Passage
I have seen an horrible thing in the house of Israel: there is the whoredom of Ephraim, Israel is defiled.
I have seen an horrible thing in the house of Israel: there is the whoredom of Ephraim, Israel is defiled.
Hosea 6:8 Gilead is a city of them that work iniquity, and is polluted with blood.
Hosea 6:9 And as troops of robbers wait for a man, so the company of priests murder in the way by consent: for they commit lewdness.
Hosea 6:10 I have seen an horrible thing in the house of Israel: there is the whoredom of Ephraim, Israel is defiled.

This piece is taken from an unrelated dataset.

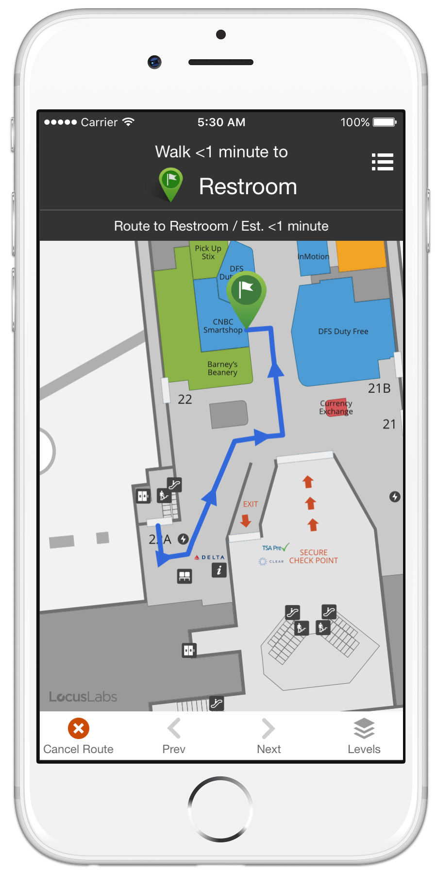 If you're making a tight connection, you'll even be able to see the fastest route and how long it takes to walk from gate to gate. And when you're hungry, the app feature can point you toward eateries in the terminal. Upon launch, travelers will have access to interactive maps in nearly 50 airports across the world.

Hosea 6:11 Also, O Judah, he hath set an harvest for thee, when I returned the captivity of my people.
The verse centers on "seen", "horrible", "house", "israel", "whoredom", "ephraim", and "defiled". It is saying that the verse draws attention to "seen" and "horrible", so its meaning should be read from those terms before moving to application.
The nearby context moves from verse 9's "And as troops of robbers wait for..." into verse 11's "Also O Judah he hath set an...", so "seen" and "horrible" belong inside that flow. In Hosea context, the local focus is covenant, worship, and faithfulness.
A plain takeaway is to answer the verse's own emphasis on "seen" and "horrible" with trust shaped by these words, not by a vague optimism outside the passage.